I certainly agree regarding fear, and nothing has proved to me what you say about it more than my own experiences.
I do not agree that viruses aren't real and actual.
https://stevekirsch.substack.com/p/settling-the-virus-debate-challenge
But, my reasons have nothing to do with the above challenge, exosomes, or terrain theory, nor even the fraudulent and egregious criminal imposition of medical tyranny since the Covid psyop started in China with outrageous videos of hapless victims gushing blood from their various orifices and falling dead in the street.
Biology is simply so complex that it is impossible viruses have not arisen.
Life is an act of war. Every blade of grass is striving with every one of it's neighbors for it's very life. Every leaf, root, and stem in the beautiful, fractal forest is strategically placed to take light, and that taking blocks something else. In the PNW rainforest the climax forest is almost exclusively hemlock, because as a seedling it can endure light deprivation at the bottom of the well of shadows. Doug Fir grows faster, straighter, and far taller than Hemlock. Sitka Spruce is more shade tolerant than Doug Fir, but cannot match Hemlock. When it's seemingly greater brethren finally fall to the forest floor, the lowly Hemlock that has been waiting, draped in moss, wretched and wracked, barely alive, perhaps for centuries in their shadow, is far ahead of any new seedlings that may sprout in the suddenly sunny soil.

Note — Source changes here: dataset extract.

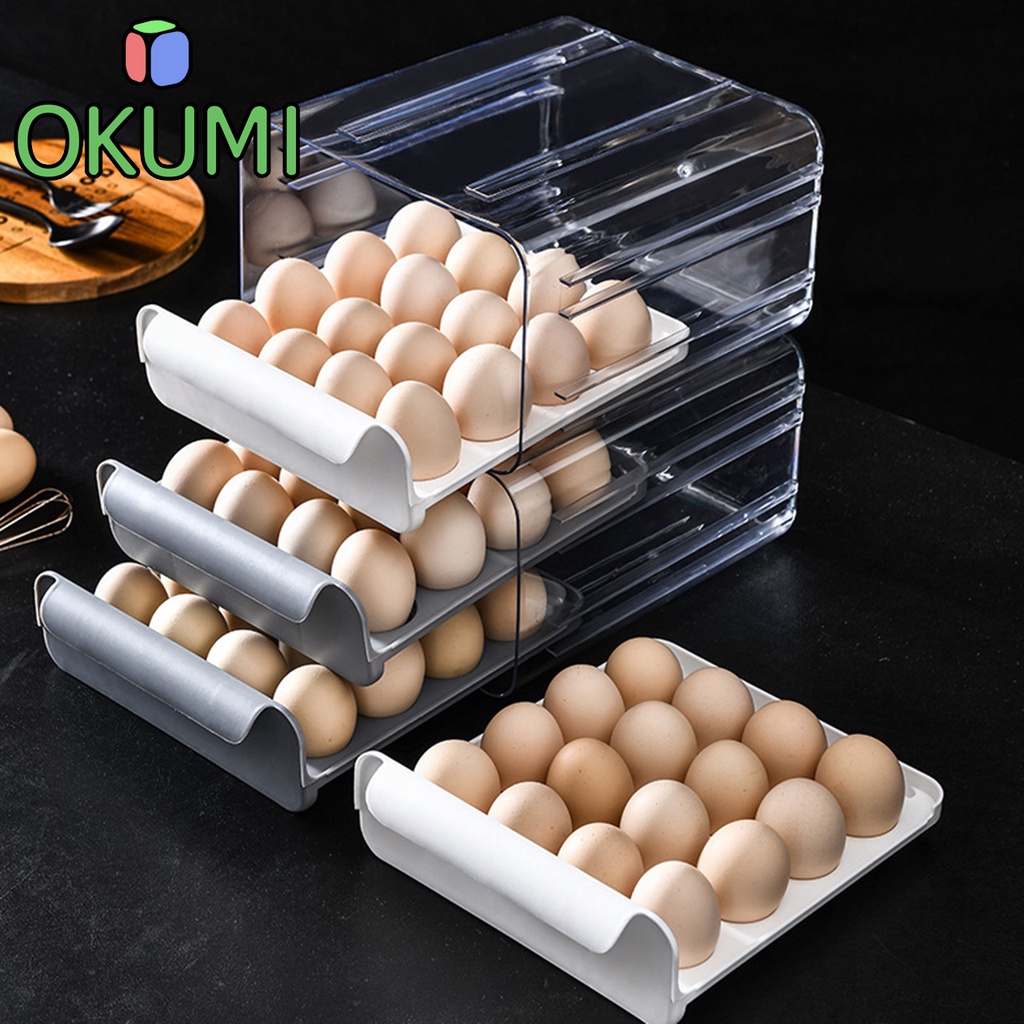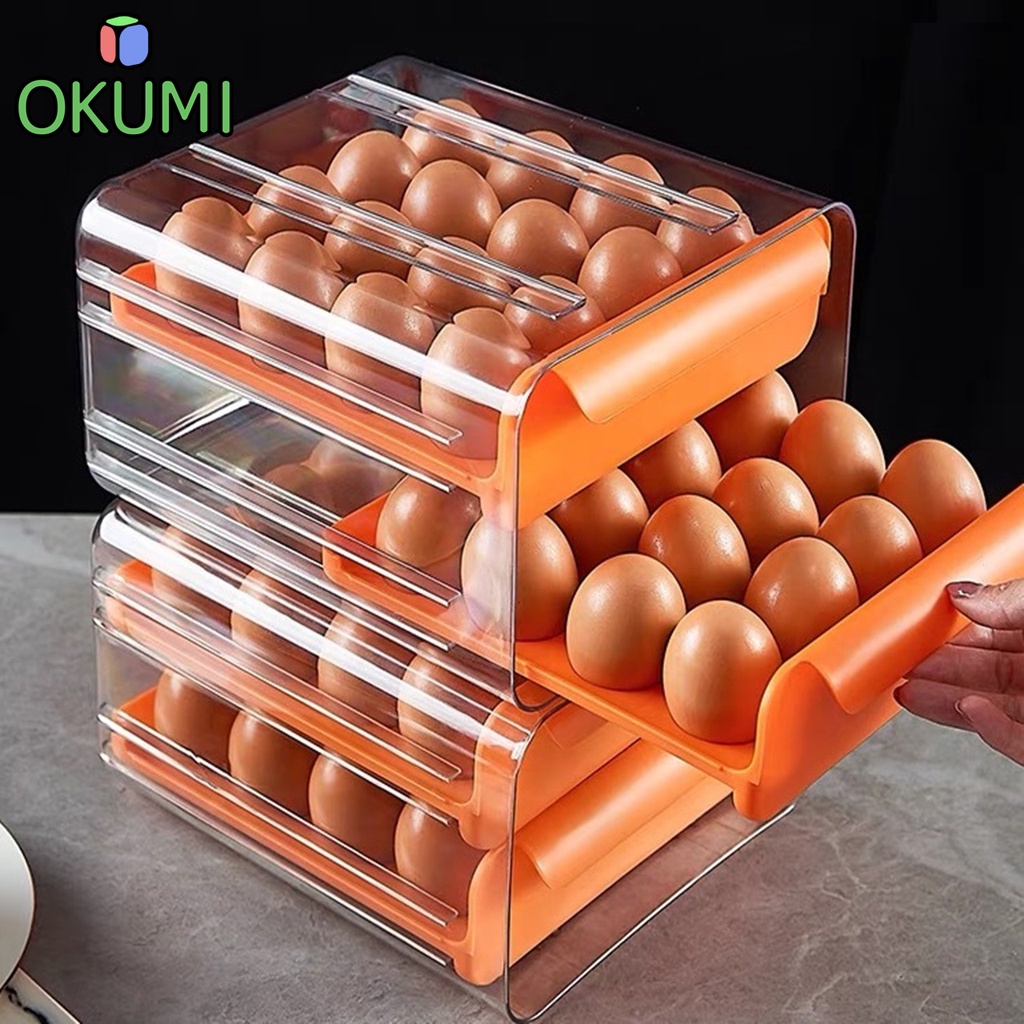 OKUMI_SHOP กล่องเก็บไข่ กล่องใส่ไข่ ที่เก็บไข่ แบบลิ้นชัก มี2ชั้นใส่ได้ 32ใบ

It has husbanded it's resources, carefully spending it's hoarded nutrients and scant sugar on a hopeful twig here, a few needles there, patient as death itself while awaiting the opportunity only death can provide. No other tree can survive that deprivation and denial for decades as can Hemlock. In the deep old growth where the canopy stretches across the sky, no other seedlings lurk in it's shadow. The only woody stems you can find are Hemlock seedlings in a full canopied old growth forest.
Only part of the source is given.